#### Work item:
Take the lines from the one with "보안뉴스에 제 이름으로 기사가 실렸습니다 👏👏" to the end of the listing, both ends included, and quote them exactly, leaving pictures out.

#### Recorded data:
⁂

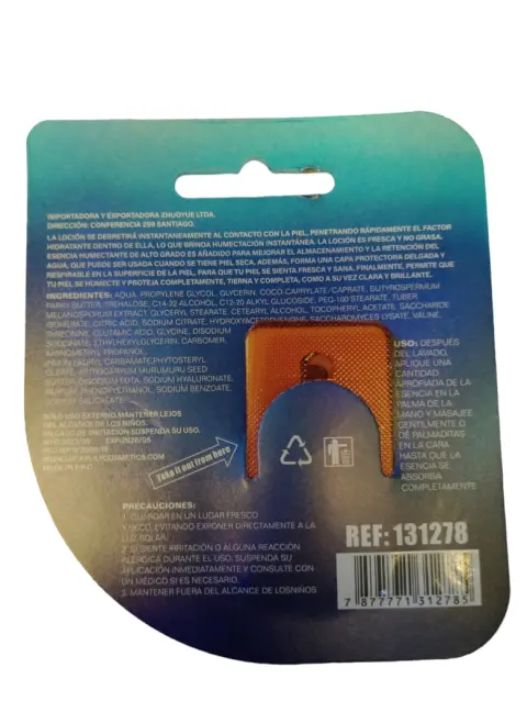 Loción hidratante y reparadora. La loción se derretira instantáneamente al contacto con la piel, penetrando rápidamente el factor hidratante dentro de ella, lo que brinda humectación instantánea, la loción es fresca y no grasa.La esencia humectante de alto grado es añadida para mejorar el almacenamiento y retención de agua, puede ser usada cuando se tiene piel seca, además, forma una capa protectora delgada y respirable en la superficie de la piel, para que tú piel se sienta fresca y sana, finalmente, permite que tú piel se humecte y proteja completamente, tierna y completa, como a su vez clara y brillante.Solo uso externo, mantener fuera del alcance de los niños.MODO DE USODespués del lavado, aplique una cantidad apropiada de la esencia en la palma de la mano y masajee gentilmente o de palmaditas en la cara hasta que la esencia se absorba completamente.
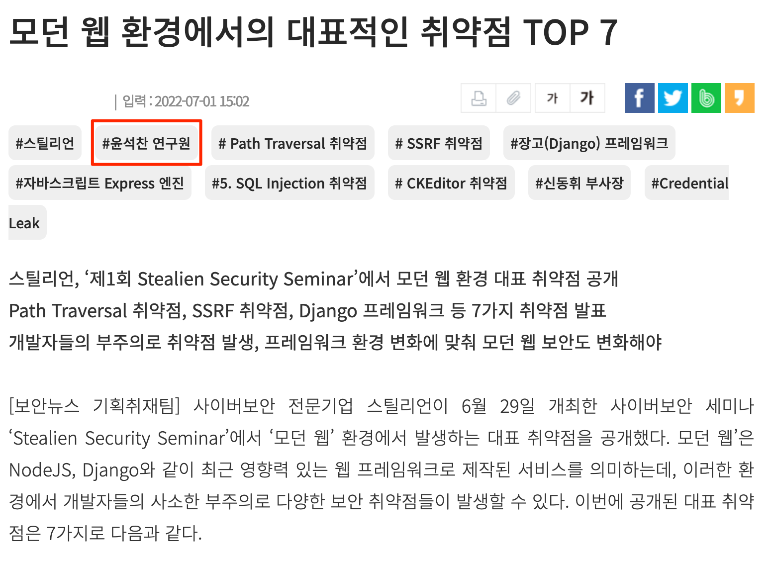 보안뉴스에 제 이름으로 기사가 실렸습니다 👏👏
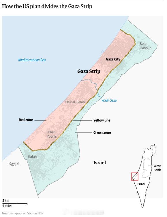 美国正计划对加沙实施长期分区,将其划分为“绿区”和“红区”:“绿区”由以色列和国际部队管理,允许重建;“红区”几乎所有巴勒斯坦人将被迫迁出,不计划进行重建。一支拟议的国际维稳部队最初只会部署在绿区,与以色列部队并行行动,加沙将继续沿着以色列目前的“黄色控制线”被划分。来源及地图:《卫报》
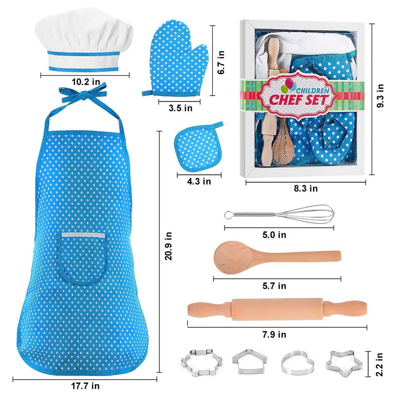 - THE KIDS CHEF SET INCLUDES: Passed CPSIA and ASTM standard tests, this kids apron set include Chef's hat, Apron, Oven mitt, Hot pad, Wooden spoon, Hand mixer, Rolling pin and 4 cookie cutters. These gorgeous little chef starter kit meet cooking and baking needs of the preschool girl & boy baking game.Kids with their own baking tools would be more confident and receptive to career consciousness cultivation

⁂

#### Result of this task:
 보안뉴스에 제 이름으로 기사가 실렸습니다 👏👏
 美国正计划对加沙实施长期分区,将其划分为“绿区”和“红区”:“绿区”由以色列和国际部队管理,允许重建;“红区”几乎所有巴勒斯坦人将被迫迁出,不计划进行重建。一支拟议的国际维稳部队最初只会部署在绿区,与以色列部队并行行动,加沙将继续沿着以色列目前的“黄色控制线”被划分。来源及地图:《卫报》
 - THE KIDS CHEF SET INCLUDES: Passed CPSIA and ASTM standard tests, this kids apron set include Chef's hat, Apron, Oven mitt, Hot pad, Wooden spoon, Hand mixer, Rolling pin and 4 cookie cutters. These gorgeous little chef starter kit meet cooking and baking needs of the preschool girl & boy baking game.Kids with their own baking tools would be more confident and receptive to career consciousness cultivation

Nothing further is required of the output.